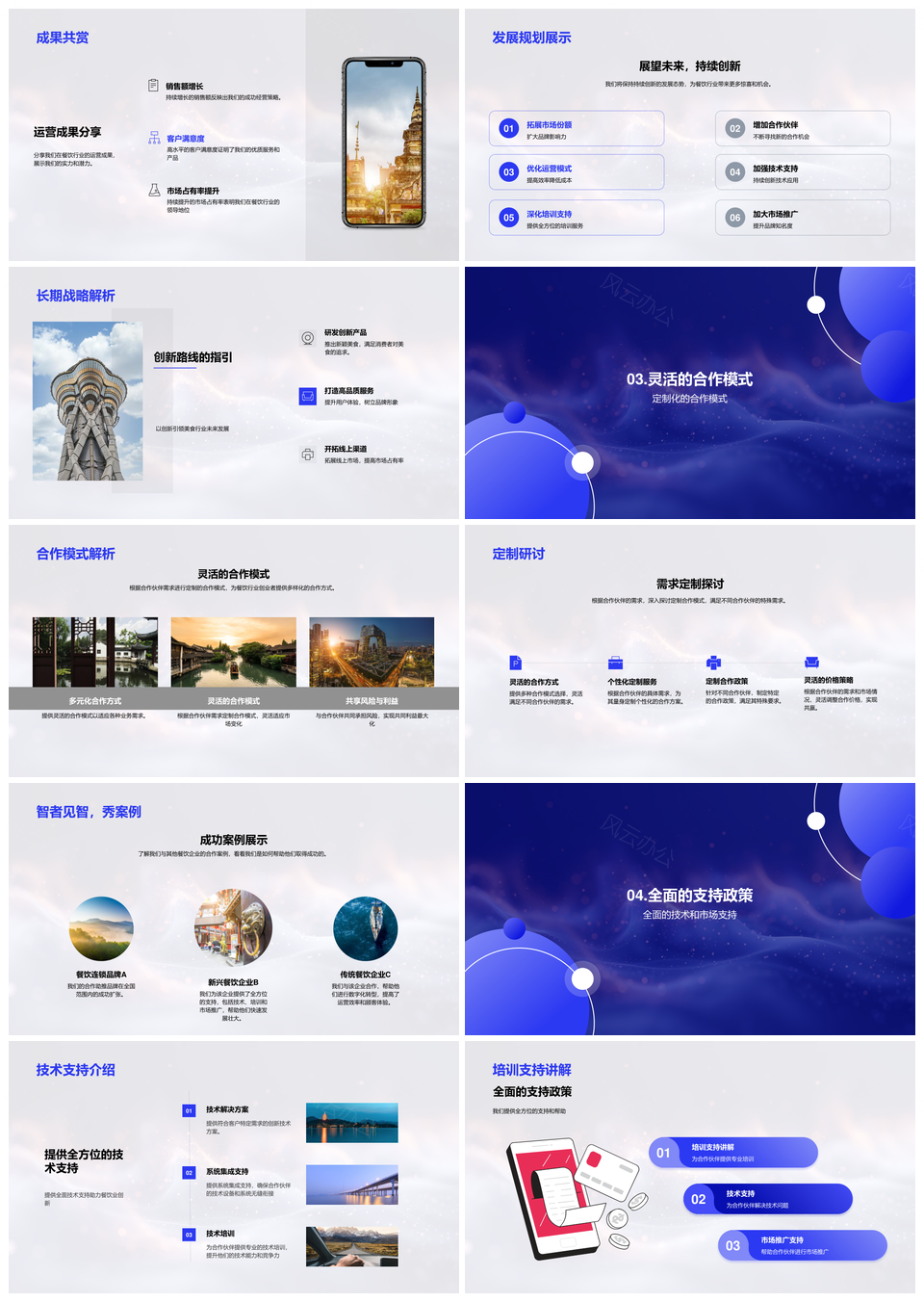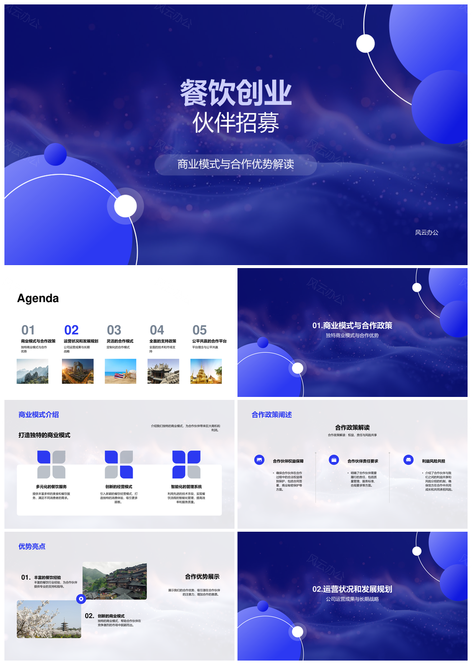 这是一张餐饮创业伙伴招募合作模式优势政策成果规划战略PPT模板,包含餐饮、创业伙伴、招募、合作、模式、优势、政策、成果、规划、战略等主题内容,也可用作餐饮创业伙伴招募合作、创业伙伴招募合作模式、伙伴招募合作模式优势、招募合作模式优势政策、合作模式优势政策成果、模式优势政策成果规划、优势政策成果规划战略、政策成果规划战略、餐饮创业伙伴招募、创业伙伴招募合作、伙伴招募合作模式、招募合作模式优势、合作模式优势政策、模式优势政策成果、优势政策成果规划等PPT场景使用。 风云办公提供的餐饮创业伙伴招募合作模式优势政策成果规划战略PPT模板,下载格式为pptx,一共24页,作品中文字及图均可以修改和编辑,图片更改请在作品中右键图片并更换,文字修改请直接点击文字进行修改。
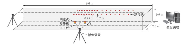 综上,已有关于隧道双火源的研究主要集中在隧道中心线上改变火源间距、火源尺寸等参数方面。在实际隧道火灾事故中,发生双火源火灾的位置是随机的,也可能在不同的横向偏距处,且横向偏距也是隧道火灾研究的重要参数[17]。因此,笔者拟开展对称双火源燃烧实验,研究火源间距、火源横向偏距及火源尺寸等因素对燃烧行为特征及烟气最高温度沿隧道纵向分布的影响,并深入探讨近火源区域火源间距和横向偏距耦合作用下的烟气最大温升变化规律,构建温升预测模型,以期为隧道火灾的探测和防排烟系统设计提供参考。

...

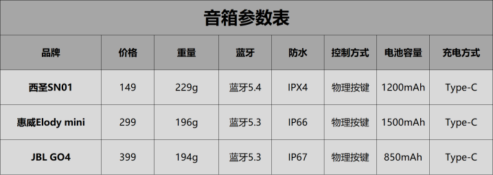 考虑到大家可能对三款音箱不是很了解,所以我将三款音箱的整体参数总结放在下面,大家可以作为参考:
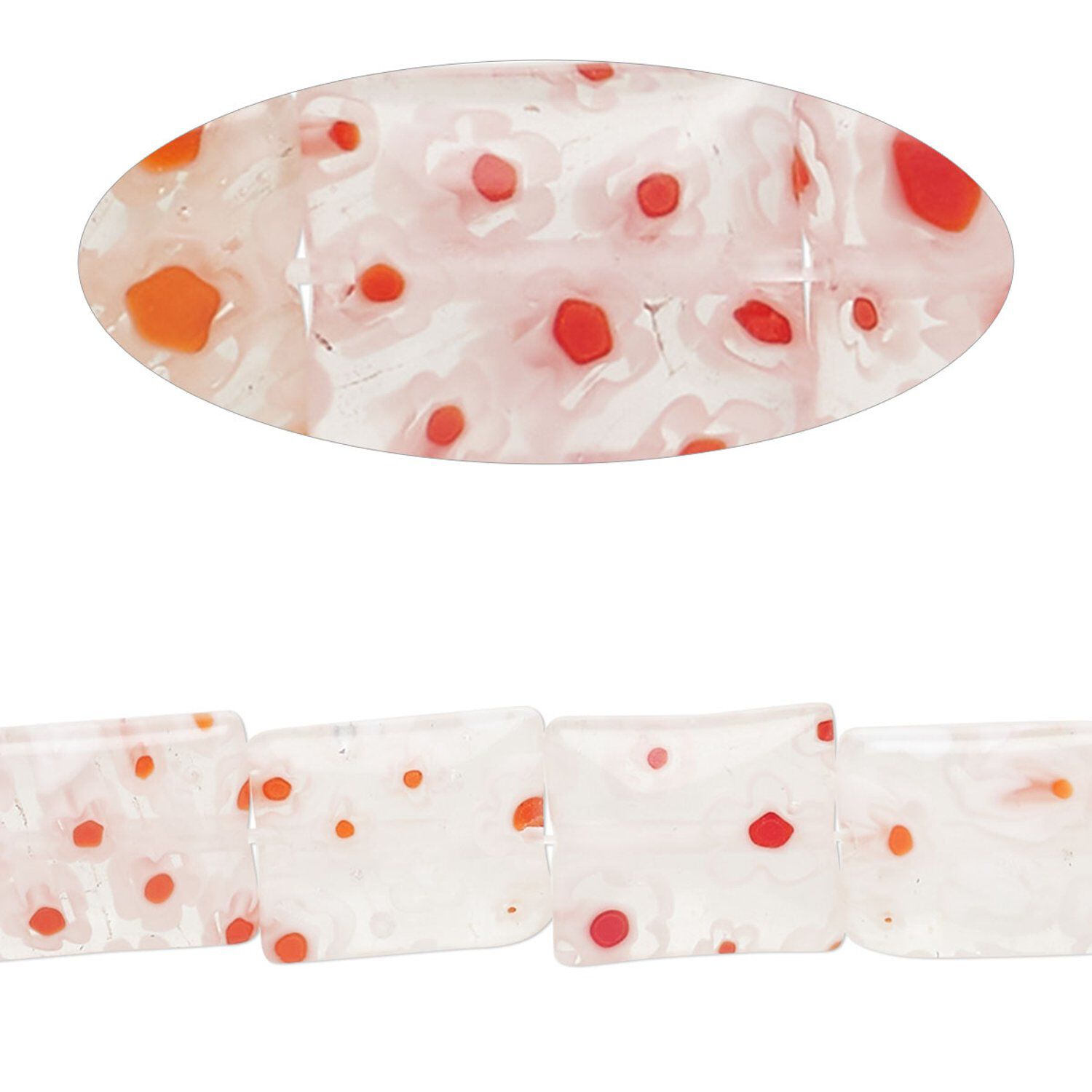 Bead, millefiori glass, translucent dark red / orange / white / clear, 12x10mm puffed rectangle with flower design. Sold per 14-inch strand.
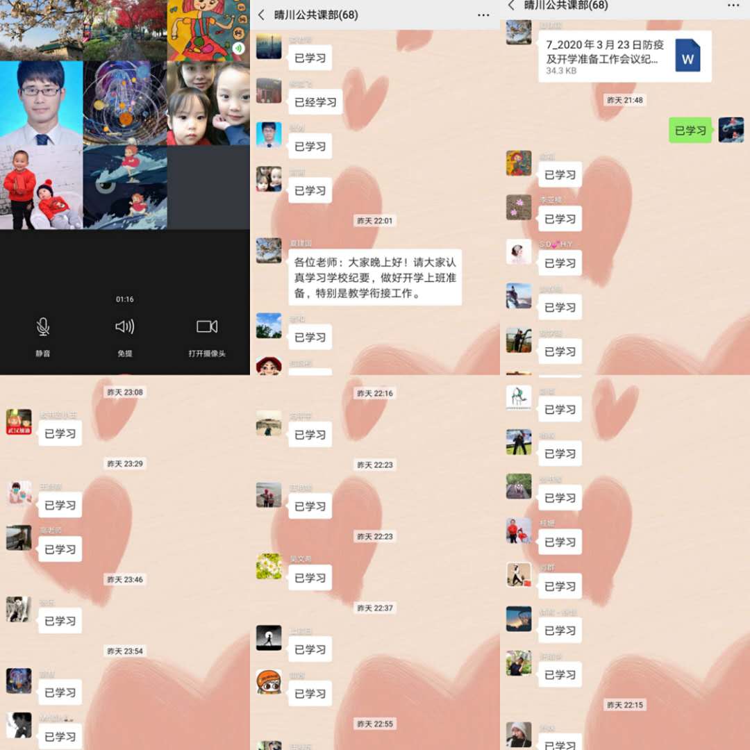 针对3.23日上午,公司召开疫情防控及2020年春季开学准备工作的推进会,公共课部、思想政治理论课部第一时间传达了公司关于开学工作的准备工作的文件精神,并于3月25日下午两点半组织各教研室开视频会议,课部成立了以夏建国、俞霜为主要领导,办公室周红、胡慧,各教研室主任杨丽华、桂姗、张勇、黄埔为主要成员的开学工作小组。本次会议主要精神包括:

==

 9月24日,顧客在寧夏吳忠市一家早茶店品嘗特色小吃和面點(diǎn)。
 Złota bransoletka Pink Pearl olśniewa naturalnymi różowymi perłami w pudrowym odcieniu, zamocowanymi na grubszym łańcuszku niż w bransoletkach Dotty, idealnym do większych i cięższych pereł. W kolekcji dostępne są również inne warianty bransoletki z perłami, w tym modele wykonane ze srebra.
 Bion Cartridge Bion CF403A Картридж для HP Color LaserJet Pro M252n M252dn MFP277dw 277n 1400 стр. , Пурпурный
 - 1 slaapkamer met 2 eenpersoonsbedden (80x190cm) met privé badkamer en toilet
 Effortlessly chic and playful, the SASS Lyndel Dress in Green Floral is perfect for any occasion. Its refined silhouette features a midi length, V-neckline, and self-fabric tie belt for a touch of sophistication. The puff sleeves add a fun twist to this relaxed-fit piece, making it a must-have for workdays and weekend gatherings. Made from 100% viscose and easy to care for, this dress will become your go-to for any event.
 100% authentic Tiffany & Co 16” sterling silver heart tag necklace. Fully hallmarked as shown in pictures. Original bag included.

TASK DETAILS — In the listing above, find the line with "Bion Cartridge Bion" and the line with "100% authentic Tiffany", then print exactly those two lines and every line between them, and nothing more.

ANSWER SPACE —
 Bion Cartridge Bion CF403A Картридж для HP Color LaserJet Pro M252n M252dn MFP277dw 277n 1400 стр. , Пурпурный
 - 1 slaapkamer met 2 eenpersoonsbedden (80x190cm) met privé badkamer en toilet
 Effortlessly chic and playful, the SASS Lyndel Dress in Green Floral is perfect for any occasion. Its refined silhouette features a midi length, V-neckline, and self-fabric tie belt for a touch of sophistication. The puff sleeves add a fun twist to this relaxed-fit piece, making it a must-have for workdays and weekend gatherings. Made from 100% viscose and easy to care for, this dress will become your go-to for any event.
 100% authentic Tiffany & Co 16” sterling silver heart tag necklace. Fully hallmarked as shown in pictures. Original bag included.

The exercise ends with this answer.